Task to complete - The reply must contain exactly the lines below from the one with "With capacity indicators" down to the one with "Customize your 30 Minutes", both included, and nothing more; please omit the pictures.

Data supplied -

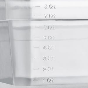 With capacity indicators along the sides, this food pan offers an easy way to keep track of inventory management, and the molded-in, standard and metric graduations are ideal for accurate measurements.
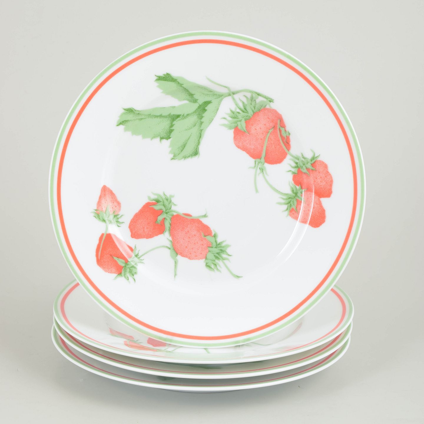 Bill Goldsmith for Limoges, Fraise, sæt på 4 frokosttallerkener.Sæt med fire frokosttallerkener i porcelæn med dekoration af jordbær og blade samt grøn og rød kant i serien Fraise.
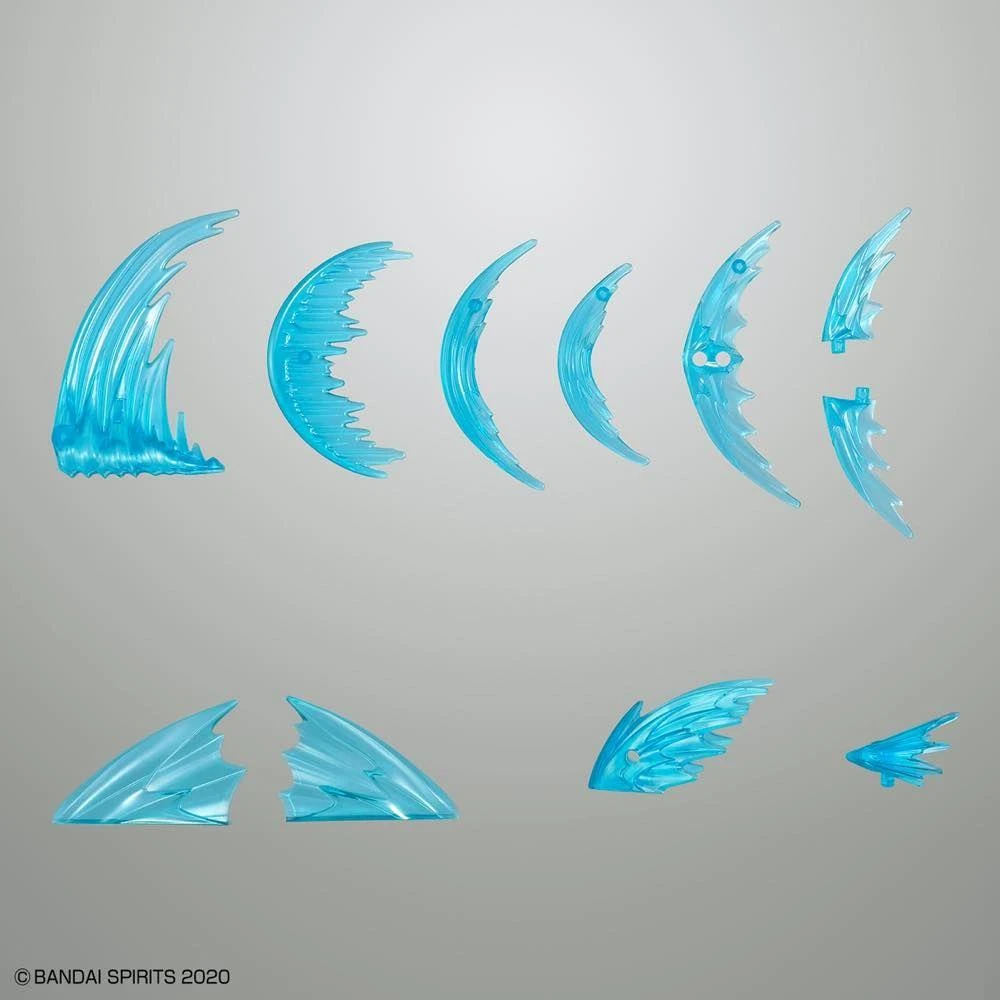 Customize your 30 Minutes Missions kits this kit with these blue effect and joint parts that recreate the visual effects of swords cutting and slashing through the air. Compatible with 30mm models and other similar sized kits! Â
==
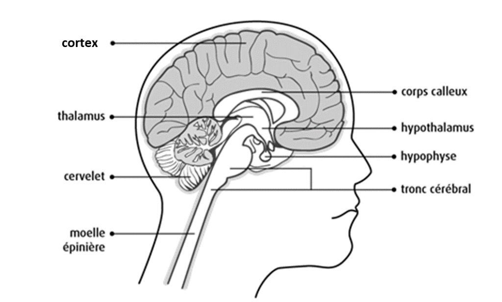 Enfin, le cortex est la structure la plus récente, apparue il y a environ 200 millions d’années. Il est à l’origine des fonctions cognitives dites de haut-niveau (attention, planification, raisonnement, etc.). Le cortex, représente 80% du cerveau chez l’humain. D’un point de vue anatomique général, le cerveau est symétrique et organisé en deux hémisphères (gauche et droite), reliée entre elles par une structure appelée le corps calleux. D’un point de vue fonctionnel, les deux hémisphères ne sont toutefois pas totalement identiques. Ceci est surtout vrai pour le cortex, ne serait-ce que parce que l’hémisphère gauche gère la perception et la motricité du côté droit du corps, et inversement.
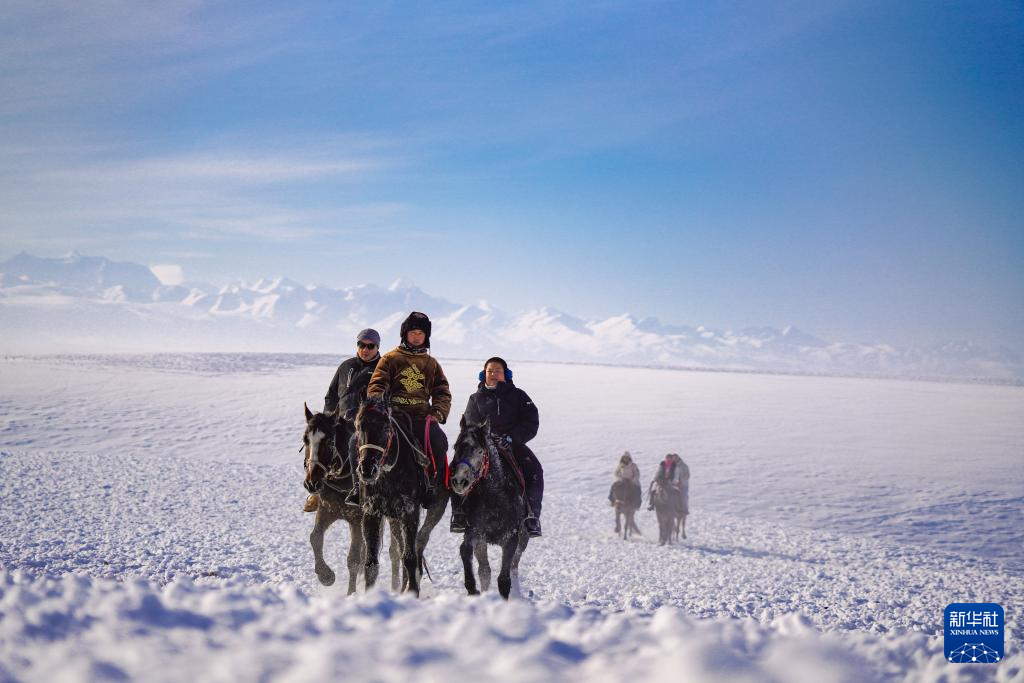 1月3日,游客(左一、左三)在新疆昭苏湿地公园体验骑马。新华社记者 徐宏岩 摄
--
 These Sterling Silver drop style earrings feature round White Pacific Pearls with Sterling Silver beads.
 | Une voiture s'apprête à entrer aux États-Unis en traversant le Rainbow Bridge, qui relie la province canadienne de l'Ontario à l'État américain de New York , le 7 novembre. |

Written response -
 With capacity indicators along the sides, this food pan offers an easy way to keep track of inventory management, and the molded-in, standard and metric graduations are ideal for accurate measurements.
 Bill Goldsmith for Limoges, Fraise, sæt på 4 frokosttallerkener.Sæt med fire frokosttallerkener i porcelæn med dekoration af jordbær og blade samt grøn og rød kant i serien Fraise.
 Customize your 30 Minutes Missions kits this kit with these blue effect and joint parts that recreate the visual effects of swords cutting and slashing through the air. Compatible with 30mm models and other similar sized kits! Â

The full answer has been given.